Here is the task for the records below: repeat exactly the lines from the one with "Transactions of the" to the one with "should be possible.", both included, and nothing else.

──────── DATA TO PROCESS

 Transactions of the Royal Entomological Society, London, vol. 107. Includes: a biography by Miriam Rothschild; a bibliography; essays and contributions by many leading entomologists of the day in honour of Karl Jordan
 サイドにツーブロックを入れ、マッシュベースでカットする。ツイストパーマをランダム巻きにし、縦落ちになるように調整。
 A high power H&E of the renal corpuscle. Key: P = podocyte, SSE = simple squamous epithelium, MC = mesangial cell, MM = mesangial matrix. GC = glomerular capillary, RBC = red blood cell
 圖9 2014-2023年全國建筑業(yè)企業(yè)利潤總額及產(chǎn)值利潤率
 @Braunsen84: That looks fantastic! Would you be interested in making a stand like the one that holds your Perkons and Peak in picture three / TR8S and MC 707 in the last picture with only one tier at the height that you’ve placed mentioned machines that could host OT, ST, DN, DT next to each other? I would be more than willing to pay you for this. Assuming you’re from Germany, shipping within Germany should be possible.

────────────────
──────── DATA TO PROCESS

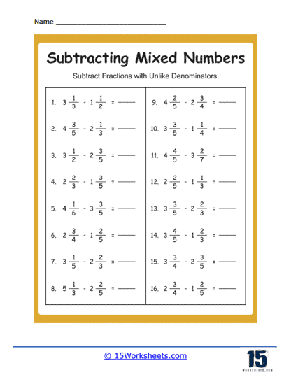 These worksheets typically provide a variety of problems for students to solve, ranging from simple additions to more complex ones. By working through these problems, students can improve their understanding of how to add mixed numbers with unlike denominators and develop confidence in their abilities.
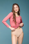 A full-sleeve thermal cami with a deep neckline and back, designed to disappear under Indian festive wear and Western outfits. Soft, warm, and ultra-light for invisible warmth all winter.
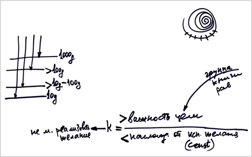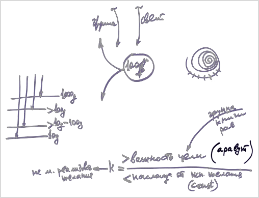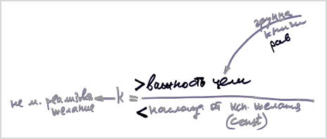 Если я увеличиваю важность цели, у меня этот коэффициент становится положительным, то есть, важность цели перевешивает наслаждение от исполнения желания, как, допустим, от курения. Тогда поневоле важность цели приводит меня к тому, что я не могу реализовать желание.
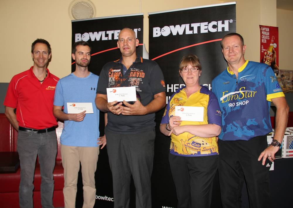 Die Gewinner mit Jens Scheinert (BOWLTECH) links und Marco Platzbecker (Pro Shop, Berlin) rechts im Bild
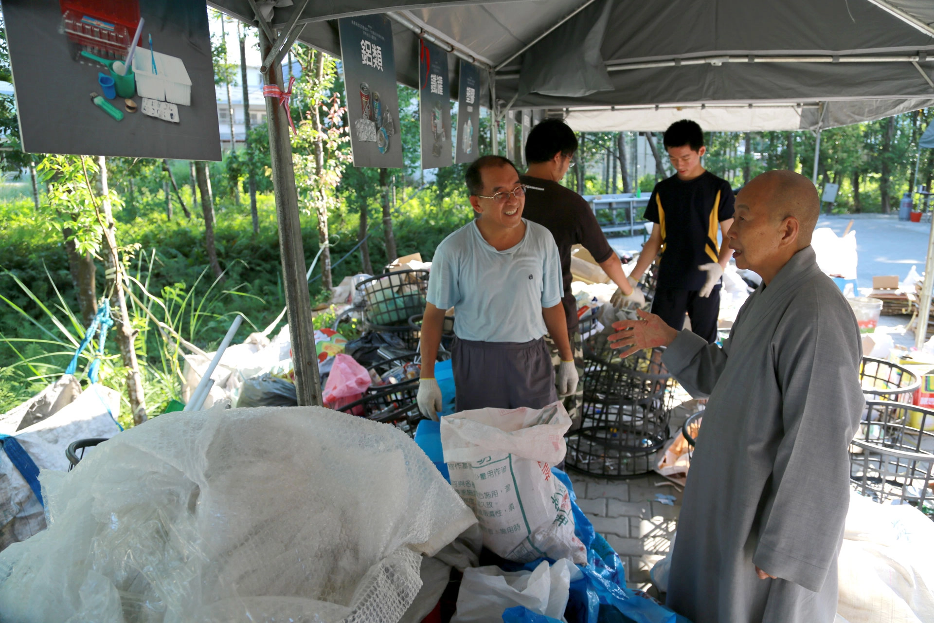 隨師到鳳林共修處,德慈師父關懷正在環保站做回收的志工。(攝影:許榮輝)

────────────────

• SOLUTION:
 Transactions of the Royal Entomological Society, London, vol. 107. Includes: a biography by Miriam Rothschild; a bibliography; essays and contributions by many leading entomologists of the day in honour of Karl Jordan
 サイドにツーブロックを入れ、マッシュベースでカットする。ツイストパーマをランダム巻きにし、縦落ちになるように調整。
 A high power H&E of the renal corpuscle. Key: P = podocyte, SSE = simple squamous epithelium, MC = mesangial cell, MM = mesangial matrix. GC = glomerular capillary, RBC = red blood cell
 圖9 2014-2023年全國建筑業(yè)企業(yè)利潤總額及產(chǎn)值利潤率
 @Braunsen84: That looks fantastic! Would you be interested in making a stand like the one that holds your Perkons and Peak in picture three / TR8S and MC 707 in the last picture with only one tier at the height that you’ve placed mentioned machines that could host OT, ST, DN, DT next to each other? I would be more than willing to pay you for this. Assuming you’re from Germany, shipping within Germany should be possible.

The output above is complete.